Problem statement → Provide an exact copy of the data, excluding the images.

Data provided →
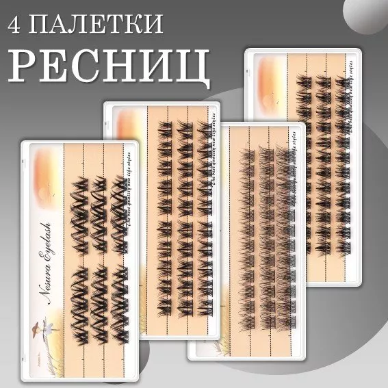 Набор из четырёх разных палиткок накладных пучковых ресниц — это универсальный комплект для создания разнообразных образов. С его помощью вы сможете экспериментировать с длиной, объёмом и формой пучков, чтобы подчеркнуть красоту ваших глаз.
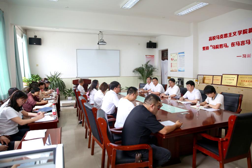 在“七一”建党节来临之际,6月28日,党委书记张新柱带着学校党委的关怀和组织的温暖,到马克思主义学院调研座谈,党政办、组织部、宣传部、统战部等负责人陪同调研。马克主义学院全体教师参加调研座谈会。
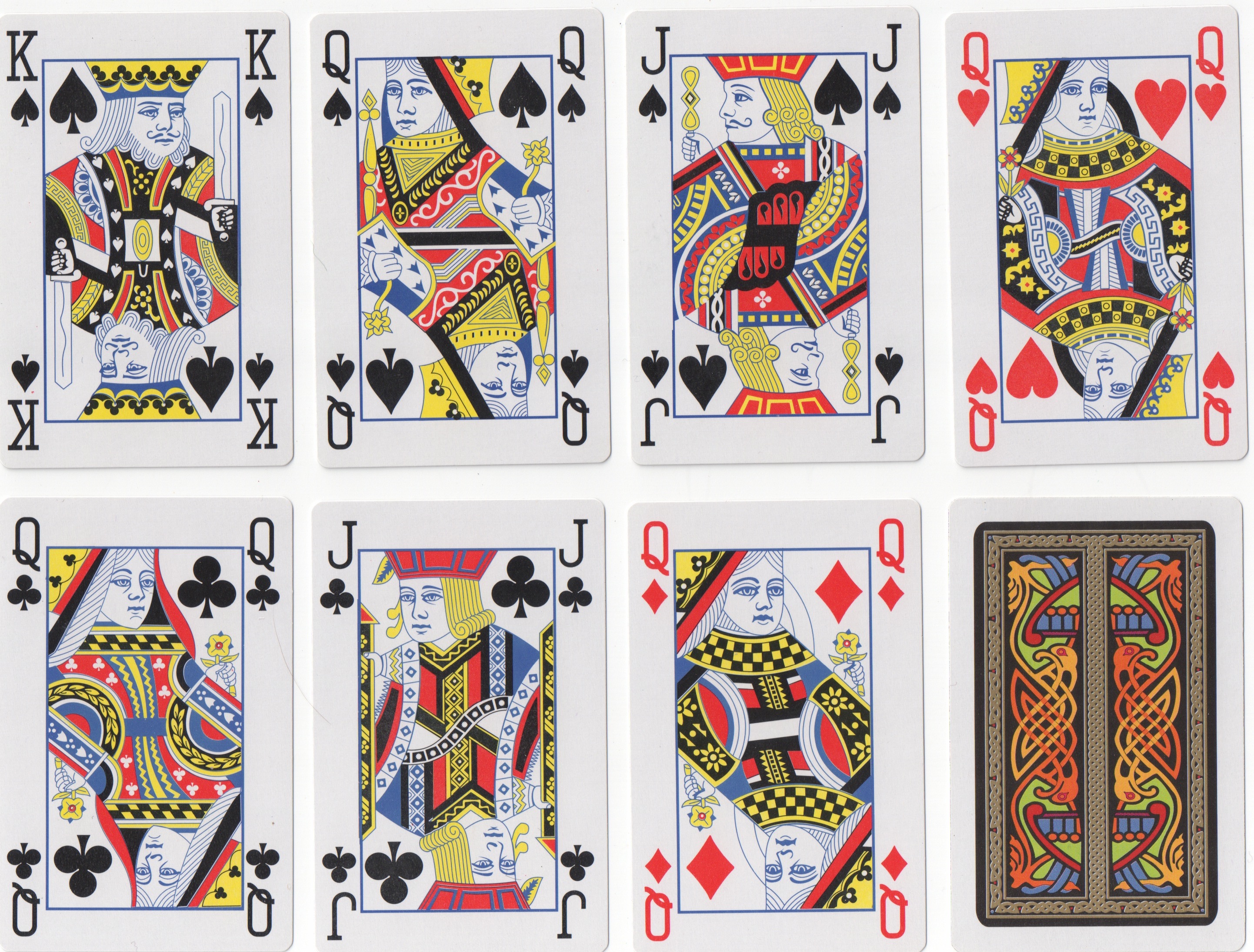 Sometimes I suspect that court designs are a one-off for a particular order. I have so far only seen CUS7.9 in a pack called Celtic (see back design) made in China in c.2005. All the queens and jacks are turned from their positions in US7, resulting in a left-facing JS and a ¾ right-facing QH.

Response area →
 Набор из четырёх разных палиткок накладных пучковых ресниц — это универсальный комплект для создания разнообразных образов. С его помощью вы сможете экспериментировать с длиной, объёмом и формой пучков, чтобы подчеркнуть красоту ваших глаз.
 在“七一”建党节来临之际,6月28日,党委书记张新柱带着学校党委的关怀和组织的温暖,到马克思主义学院调研座谈,党政办、组织部、宣传部、统战部等负责人陪同调研。马克主义学院全体教师参加调研座谈会。
 Sometimes I suspect that court designs are a one-off for a particular order. I have so far only seen CUS7.9 in a pack called Celtic (see back design) made in China in c.2005. All the queens and jacks are turned from their positions in US7, resulting in a left-facing JS and a ¾ right-facing QH.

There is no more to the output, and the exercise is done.